Read More: Simplified approach towards Mobile Application Testing
To overcome these challenges, Uber transitioned to a push-based framework, guided by the following principles:
- Easier Migration: From polling to push.
- Ease of Development: A system that simplifies the developer experience.
- Reliability: Ensuring the system consistently delivers notifications.
- Wire Efficiency: Minimizing data transfer between server and mobile apps.
Answer was a protocol, that would minimize the amount of data transfer between server and mobile apps. In 2015, they started working on this problem by introducing an indigenous protocol. Options to implement the same were to utilize HTTP/1.1 with long polling, Web Sockets, or finally Server-Sent events (SSE). They went ahead using SSE. This led to the birth of RAMEN (Realtime Asynchronous Messaging Network). RAMEN was a simple elegant protocol over SSE.
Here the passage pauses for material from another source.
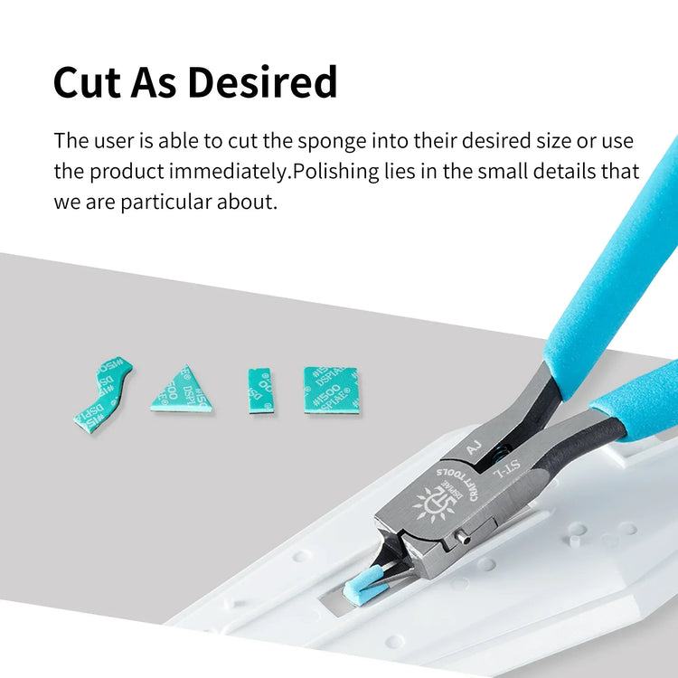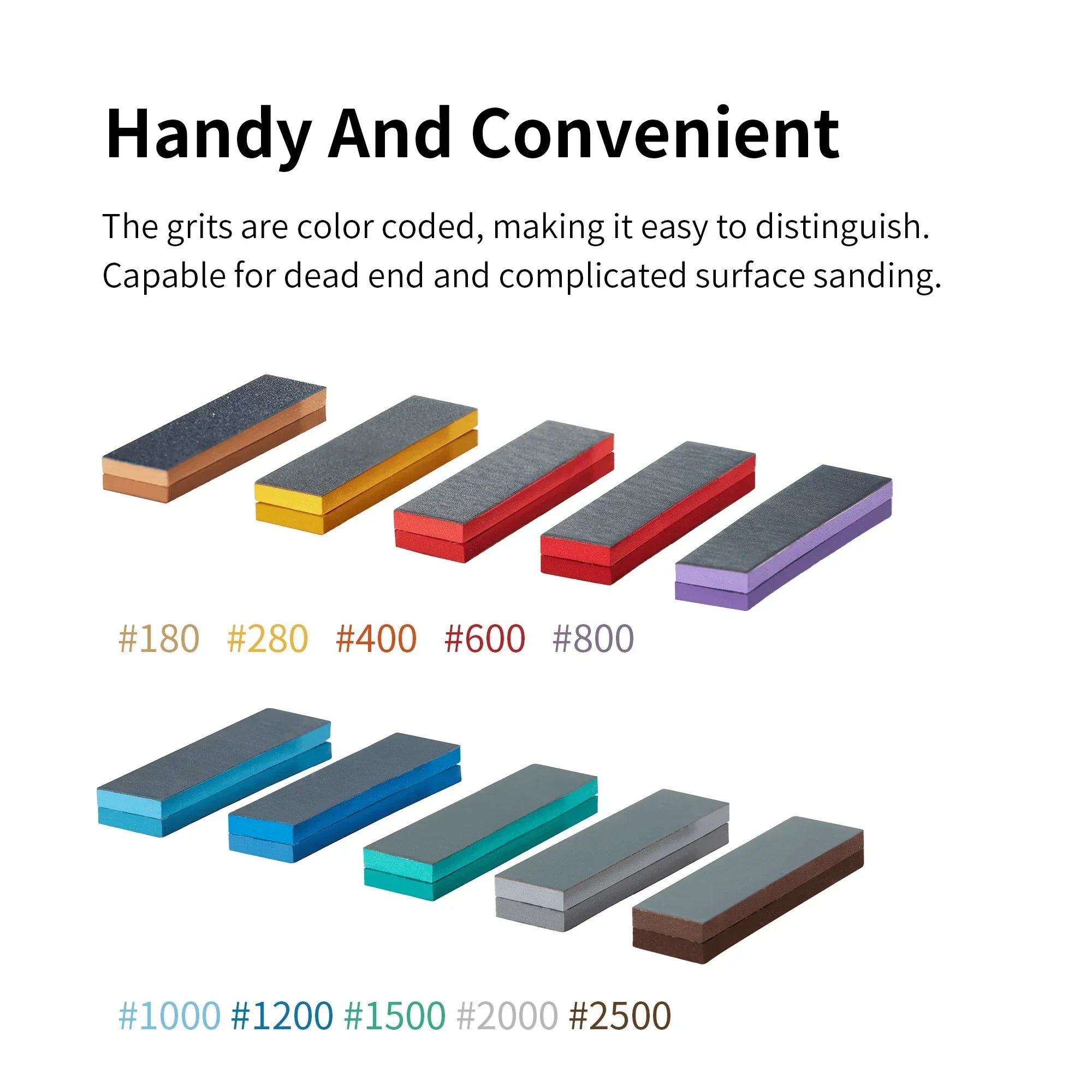 The user can use coarse grits on pieces that require less precision in the sanding. The sanding block is made from EVA material that is soft and flexible, perfect for sanding curved edges. The grits are color coded, making it easy to distinguish. Grits are labeled clearly at the back, allowing users to choose their tools without hassle. With three thickness to choose from, it is versatile for any situation. Every set comes with 2 of each thickness for each grit. The user is able to cut the sponge into their desired size or use the product immediately. Freely customize to your desired size. Use your first and middle finger to hold the sponge. Apply force with your index finger for maximum effect. Made from memory foam, the sponge always goes back to its original shape.

As is evident from the diagram, the client starts receiving messages with seq=0 at the beginning of the session. It keeps getting the messages and stores the highest seq number. If a message with seq=3 fails, it again starts the connection setup and starts receiving messages from the last stored highest seq number+1. This also was true in the case of sending a heartbeat every 4 seconds and if no response, then resuming with the highest seq number+1. This system at peak, pushed over 70,000 QPS push messages per second to three different types of apps by maintaining up to 600,000 concurrent streaming connections. With the increase in scale of users and load, Uber in 2017, started a revamp of the RAMEN server. It went to a new state like below:
However, this system also had its side of limitations. Loss of acknowledgments, Poor connection stability, and Transport limitations were a few of them. Uber in 2019 decided to move towards a migration of RAMEN with the use of grpc as it has support for many different RPC methods and has interoperability with the QUIC transport layer protocol.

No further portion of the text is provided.